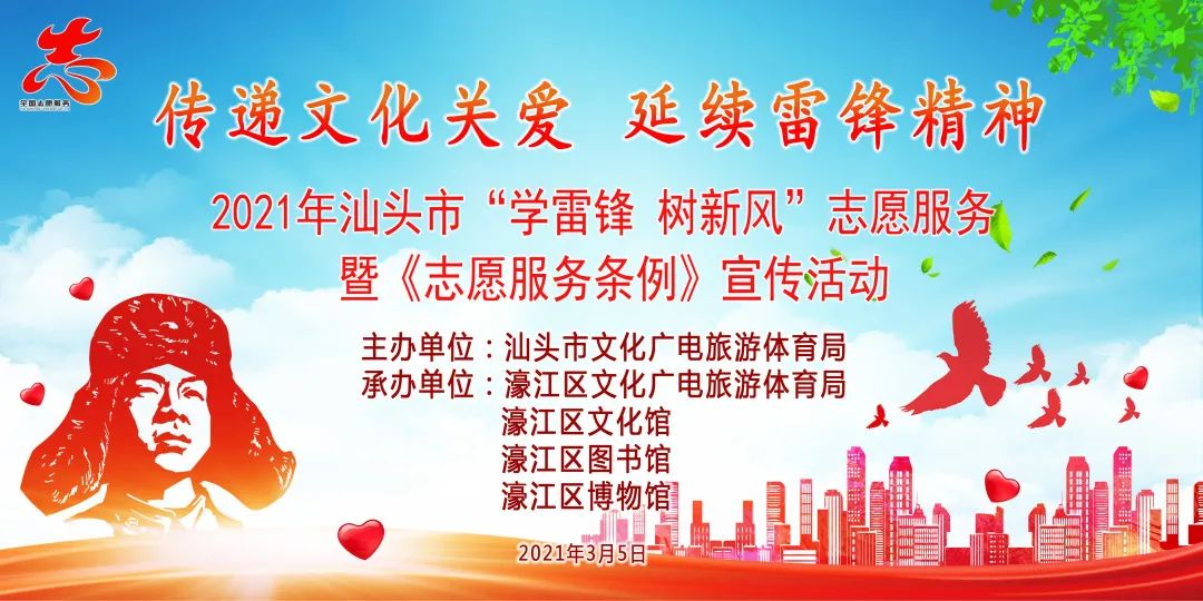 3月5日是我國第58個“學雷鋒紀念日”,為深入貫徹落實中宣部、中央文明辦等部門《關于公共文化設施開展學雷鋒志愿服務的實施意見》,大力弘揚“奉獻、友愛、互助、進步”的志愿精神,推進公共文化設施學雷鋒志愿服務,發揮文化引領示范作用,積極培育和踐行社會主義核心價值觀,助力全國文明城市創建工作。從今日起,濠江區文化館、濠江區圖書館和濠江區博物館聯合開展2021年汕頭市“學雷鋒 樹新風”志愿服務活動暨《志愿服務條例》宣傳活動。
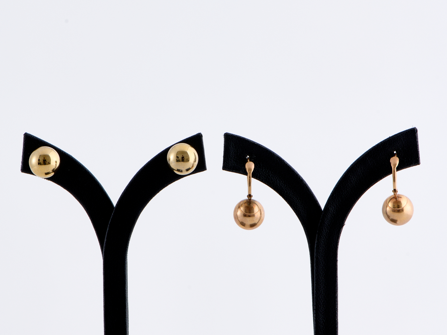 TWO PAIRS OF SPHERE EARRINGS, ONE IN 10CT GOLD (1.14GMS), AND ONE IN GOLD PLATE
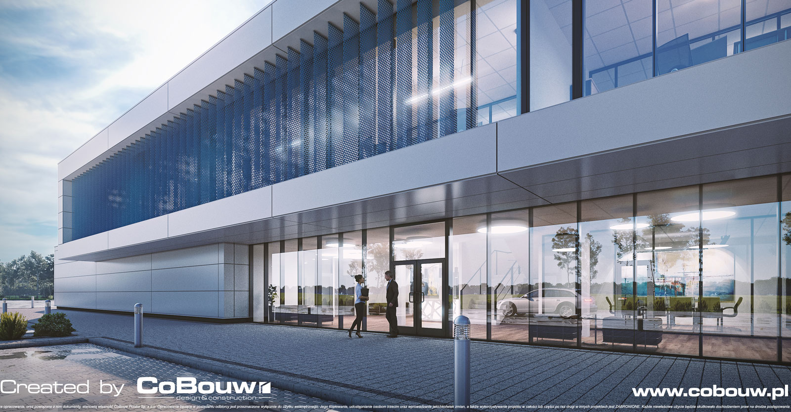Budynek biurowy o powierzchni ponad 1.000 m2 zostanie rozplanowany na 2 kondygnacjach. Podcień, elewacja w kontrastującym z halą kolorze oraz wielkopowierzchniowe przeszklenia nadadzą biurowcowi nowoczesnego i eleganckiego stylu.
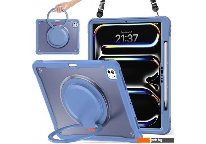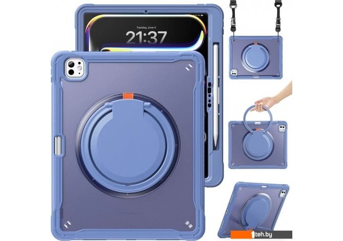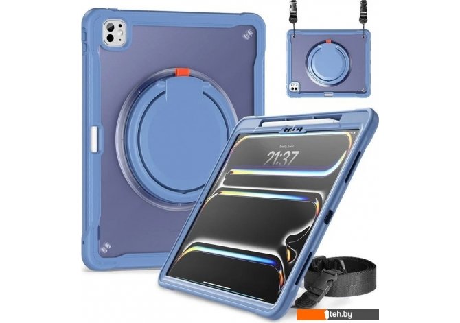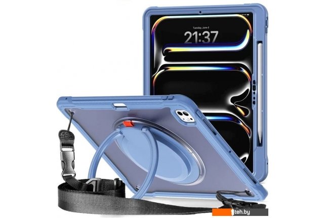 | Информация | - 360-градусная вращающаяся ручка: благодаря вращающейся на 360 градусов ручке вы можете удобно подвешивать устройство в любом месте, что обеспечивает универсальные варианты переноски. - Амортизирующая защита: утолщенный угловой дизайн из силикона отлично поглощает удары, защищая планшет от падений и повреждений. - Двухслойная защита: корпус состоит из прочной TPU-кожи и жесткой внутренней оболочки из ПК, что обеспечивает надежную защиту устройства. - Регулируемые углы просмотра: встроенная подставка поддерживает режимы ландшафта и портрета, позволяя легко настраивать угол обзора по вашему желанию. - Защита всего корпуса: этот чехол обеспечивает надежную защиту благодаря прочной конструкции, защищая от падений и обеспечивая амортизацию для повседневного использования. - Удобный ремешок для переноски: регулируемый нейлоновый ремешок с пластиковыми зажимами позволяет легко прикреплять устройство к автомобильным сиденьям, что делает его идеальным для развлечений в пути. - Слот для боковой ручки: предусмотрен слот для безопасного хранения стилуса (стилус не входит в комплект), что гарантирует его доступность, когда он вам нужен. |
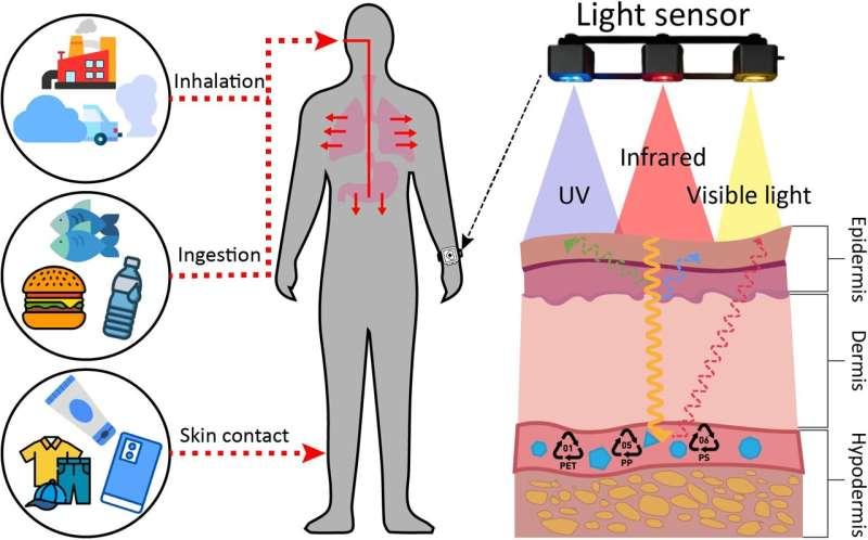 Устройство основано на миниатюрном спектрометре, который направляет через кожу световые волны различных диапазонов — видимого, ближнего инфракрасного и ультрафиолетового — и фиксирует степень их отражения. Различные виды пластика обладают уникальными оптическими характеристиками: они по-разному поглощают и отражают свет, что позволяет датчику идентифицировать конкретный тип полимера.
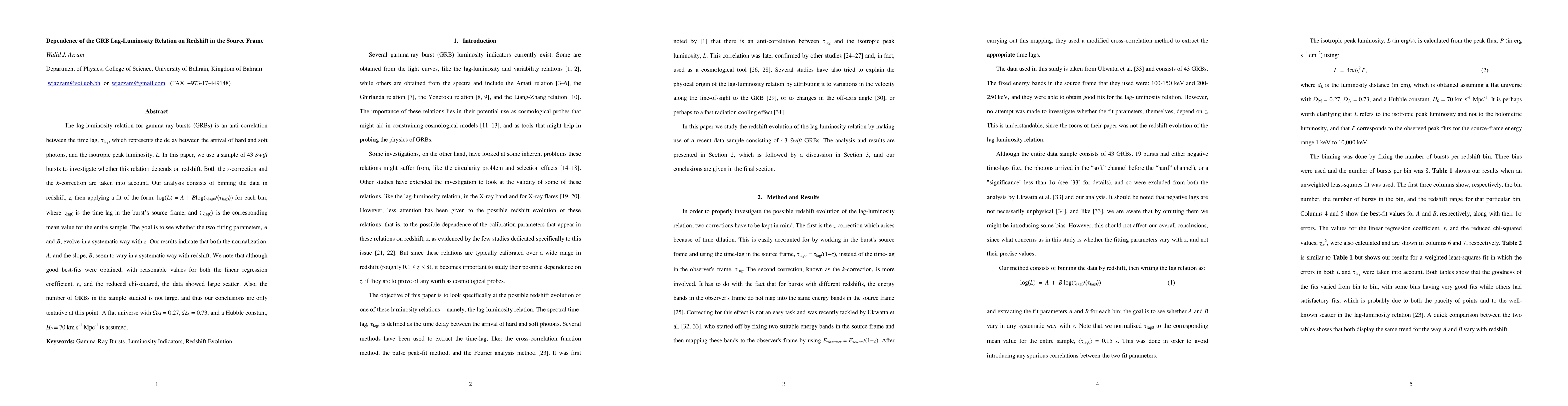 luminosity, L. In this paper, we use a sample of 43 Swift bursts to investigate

● ● ●

**Task:** Print, exactly and without pictures, the lines from the one holding "Устройство основано на" through the last line of the entries above, both included.

**Exercise output:**
 Устройство основано на миниатюрном спектрометре, который направляет через кожу световые волны различных диапазонов — видимого, ближнего инфракрасного и ультрафиолетового — и фиксирует степень их отражения. Различные виды пластика обладают уникальными оптическими характеристиками: они по-разному поглощают и отражают свет, что позволяет датчику идентифицировать конкретный тип полимера.
 luminosity, L. In this paper, we use a sample of 43 Swift bursts to investigate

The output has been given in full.